---------- DATA SUPPLIED
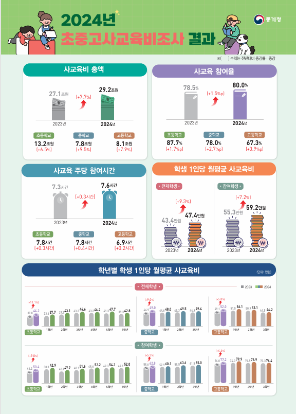 또한, 학생 1인당 주당 평균 사교육 참여 시간도 7.6시간으로 전년 대비 0.3시간 늘었다. 특히 초등학생의 사교육 참여 시간이 가장 길었으며, 학년이 올라갈수록 학습 과목 중심의 사교육이 증가하는 경향을 보였다.
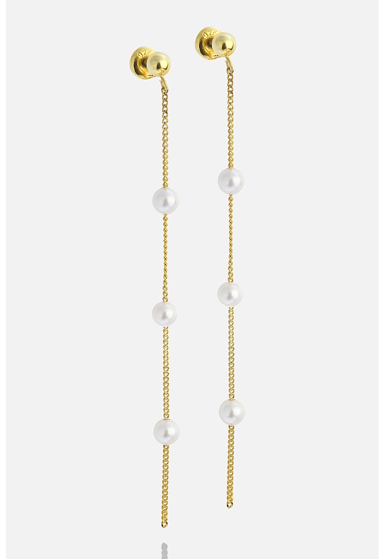 Caracteristici Tip produs: cercei Material: argint Culoare: auriu Ambalaj: produsul se livreaza in ambalaj personalizat. Gramaj: 1.99 g Compozitie Compozitie: argint veritabil 925 Pietre: perle sintetice Placaj: pvd Dimensiuni Lungime pandantiv: 4 mm Lungime: 7.5 cm Informatii suplimentare: a se evita socurile mecanice si termice
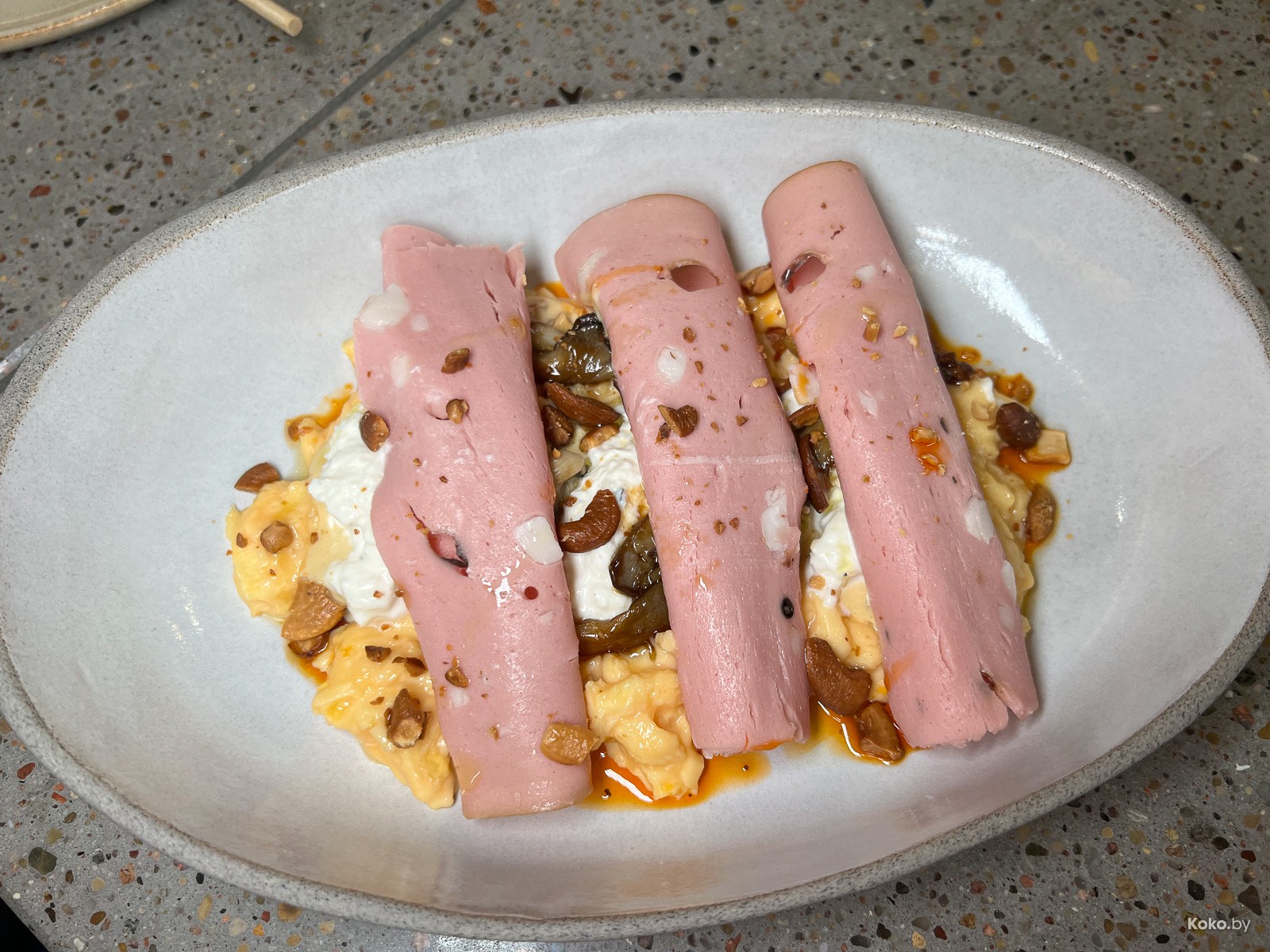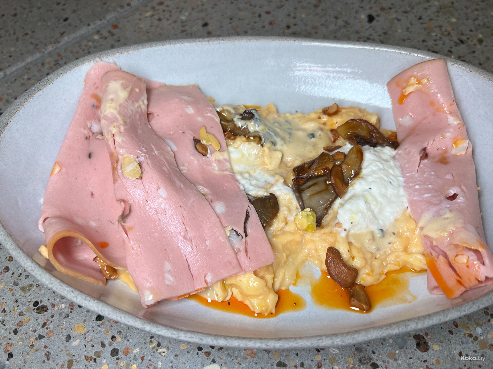 2. Сливочный скрэмбл с нашей колбасой, вешенками и ароматом трюфелей за 18byn идеально вписывается в завтрак, дайте хлеба!
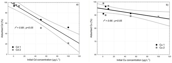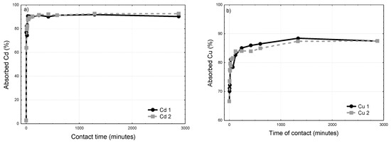 The difference in the sorption efficiency of heavy metal ions may be attributed to the different electronegativity of the metallic elements, the hydrated ionic radii in the solutions, the electric charge, the hydrolysis constant, etc. [29]. In our study, a comparison of the relative adsorption values of Cd and Cu shows similar total adsorption, the only difference being the rapidity of the adsorption of Cd as compared to Cu. This difference can be explained by differences in metal electronegativity and hydrolysis constants [29]. In fact, electronegativity values for Cu2+ and Cd2+ are 2.00 and 1.7, respectively [29,30], and the hydrolysis equilibrium pK values are 6.8 ± 1.5 for CuOH+ and 10.2 ± 1.6 for CdOH+ [31].
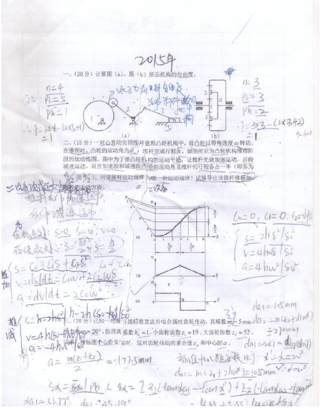 7凸轮机构某从动件确定位置求压力角,从动件速度,推程运动规律等(凸轮轮 ...
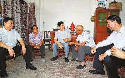 謝伏瞻十分牽掛滑縣的脫貧工作,他首先來到慈周寨鎮(zhèn)北李莊村,先后走進貧困戶王天敬、李守芳、聶化敬家中看望慰問。每到一家,謝伏瞻都認真察看飲食起居狀況,與大家圍坐在一起,關(guān)切地詢問收入來源、就業(yè)門路、政策保障等基本情況。當(dāng)看到這幾家貧困戶在該縣“六改一增”的幫扶措施下,院落干凈整潔,生活設(shè)施齊全,居住環(huán)境得到改善,住房安全有了保障,謝伏瞻深感欣慰。了解到有的貧困戶靠理發(fā)手藝、剪花務(wù)工增加了收入,謝伏瞻鼓勵說,擺脫貧困既要靠政府扶持,還要靠自身努力、自力更生,誰扶都不如自己扶,政府幫一點、自己掙一點,大家共同努力,一定能夠?qū)崿F(xiàn)脫貧。謝伏瞻還來到村衛(wèi)生室,詢問收費標(biāo)準(zhǔn)、藥物價格等情況,叮囑要為村民健康做好保障,防止村民因病致貧、因病返貧。
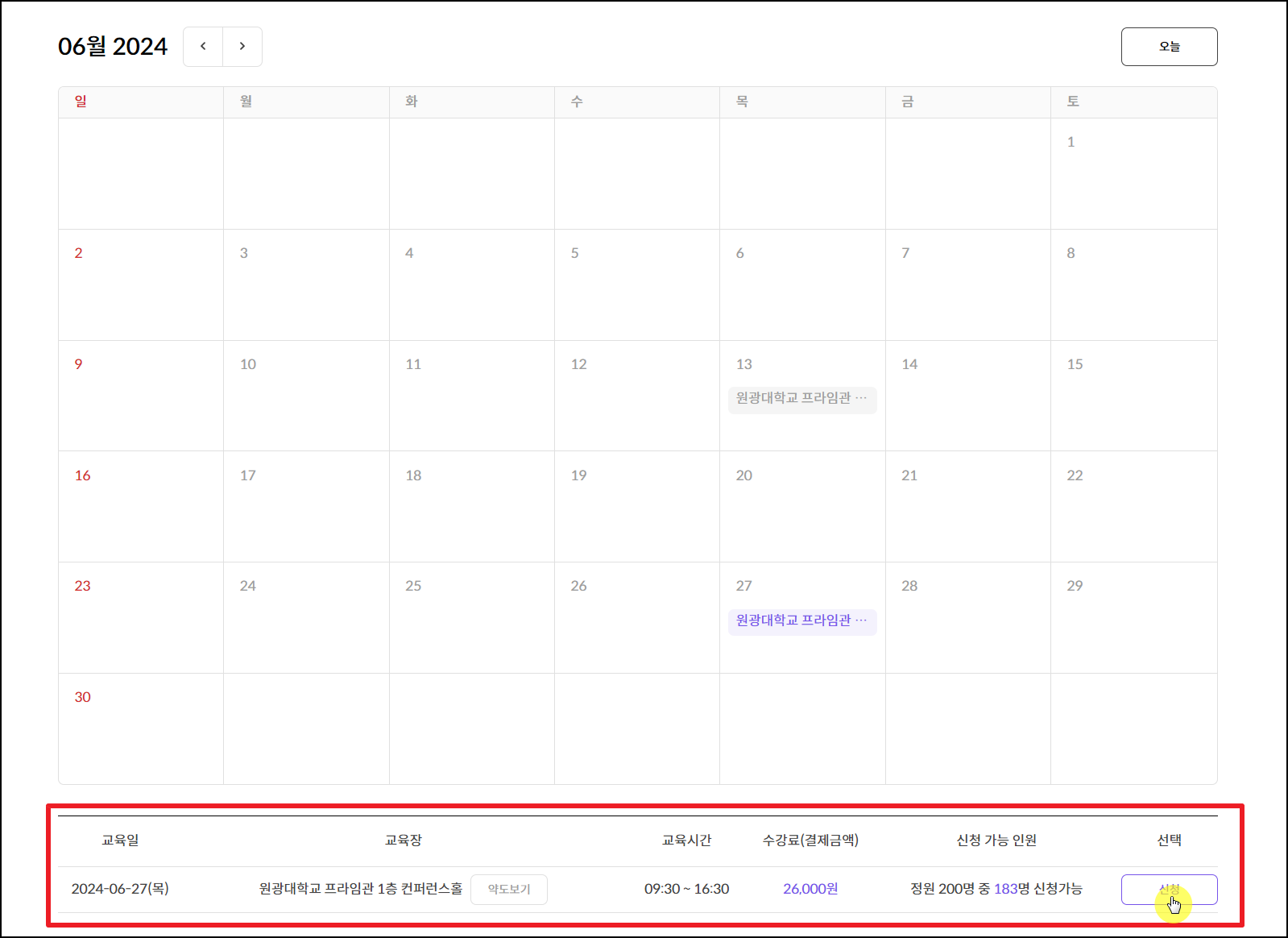 - 교육일정 및 교육장, 수강료 호가인 후 신청
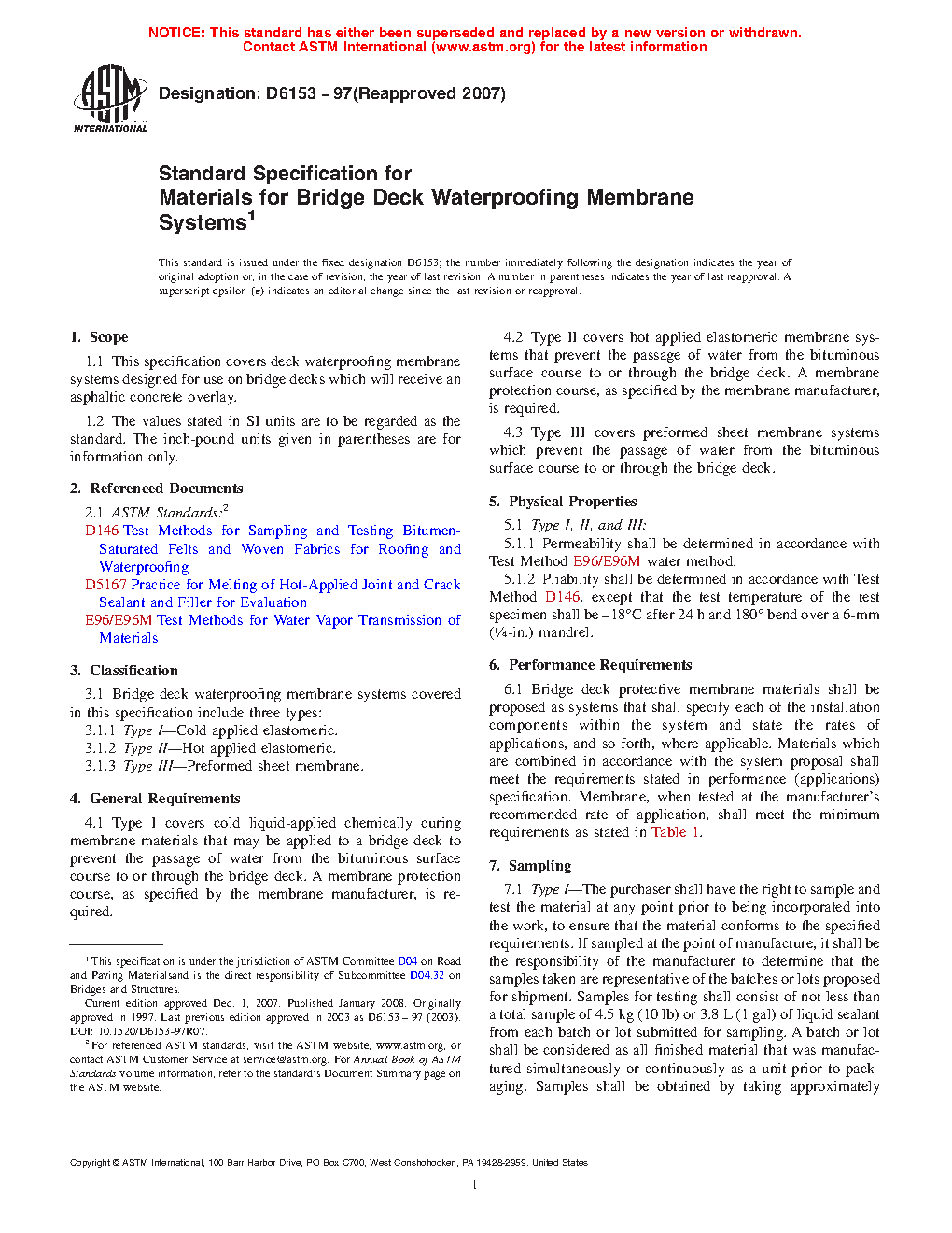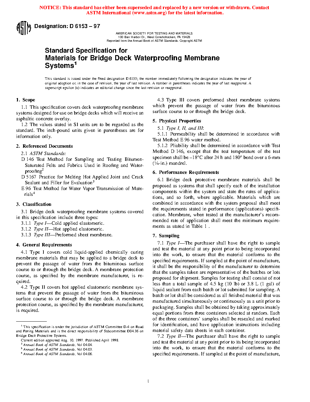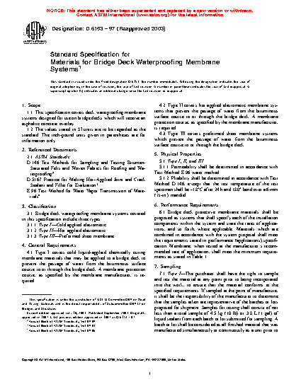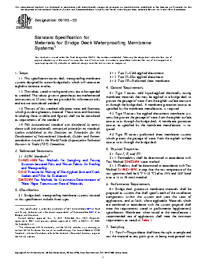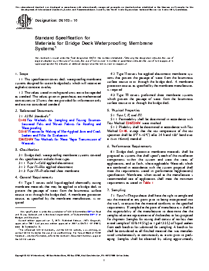 This specification covers three types of deck waterproofing membrane systems designed for use on bridge decks which will receive an asphaltic concrete overlay. Type I are cold liquid-applied chemically curing membrane materials that that require a membrane protection course. Type II, on the other hand, are hot applied elastomeric membrane systems that also require a membrane protection course. And finally, Type III are preformed sheet membrane systems. All types are applied to a bridge deck to prevent the passage of water from the bituminous surface course to or through the bridge deck. Membrane systems shall be sampled as appropriate for each type, and shall conform to performance requirements and physical properties as to permeability, and pliability.
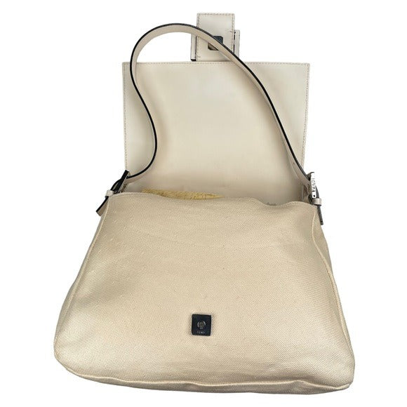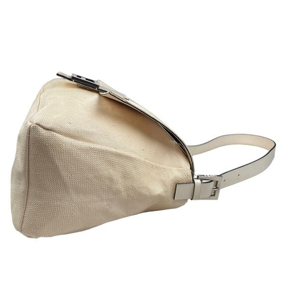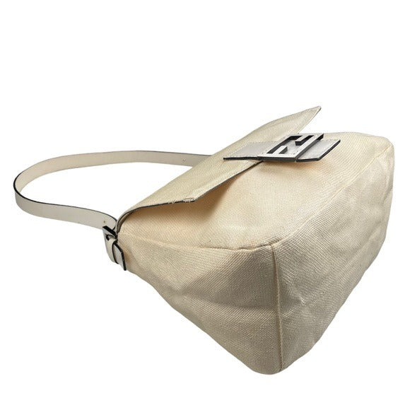 Fendi Mama Baguette Micro Woven Canvas White Strap Leather Logo
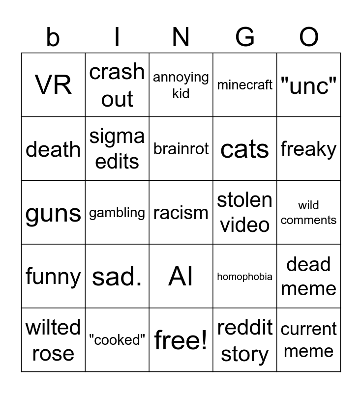 This bingo card has a free space and 24 words: sad., "cooked", brainrot, wilted rose, "unc", VR, death, crash out, stolen video, AI, cats, guns, homophobia, dead meme, sigma edits, reddit story, wild comments, annoying kid, freaky, gambling, current meme, funny, minecraft and free!.
--------------------
§ **DESCRIPTION OF THE TASK**:
Each line above from the one containing "謝伏瞻十分牽掛滑縣的脫貧工作" through the one containing "- 교육일정 및 교육장, 수강료 호가인 후 신청" is to be returned verbatim. Nothing else, and no pictures.

§ **YOUR SOLUTION**:
 謝伏瞻十分牽掛滑縣的脫貧工作,他首先來到慈周寨鎮(zhèn)北李莊村,先后走進貧困戶王天敬、李守芳、聶化敬家中看望慰問。每到一家,謝伏瞻都認真察看飲食起居狀況,與大家圍坐在一起,關(guān)切地詢問收入來源、就業(yè)門路、政策保障等基本情況。當(dāng)看到這幾家貧困戶在該縣“六改一增”的幫扶措施下,院落干凈整潔,生活設(shè)施齊全,居住環(huán)境得到改善,住房安全有了保障,謝伏瞻深感欣慰。了解到有的貧困戶靠理發(fā)手藝、剪花務(wù)工增加了收入,謝伏瞻鼓勵說,擺脫貧困既要靠政府扶持,還要靠自身努力、自力更生,誰扶都不如自己扶,政府幫一點、自己掙一點,大家共同努力,一定能夠?qū)崿F(xiàn)脫貧。謝伏瞻還來到村衛(wèi)生室,詢問收費標(biāo)準(zhǔn)、藥物價格等情況,叮囑要為村民健康做好保障,防止村民因病致貧、因病返貧。
 - 교육일정 및 교육장, 수강료 호가인 후 신청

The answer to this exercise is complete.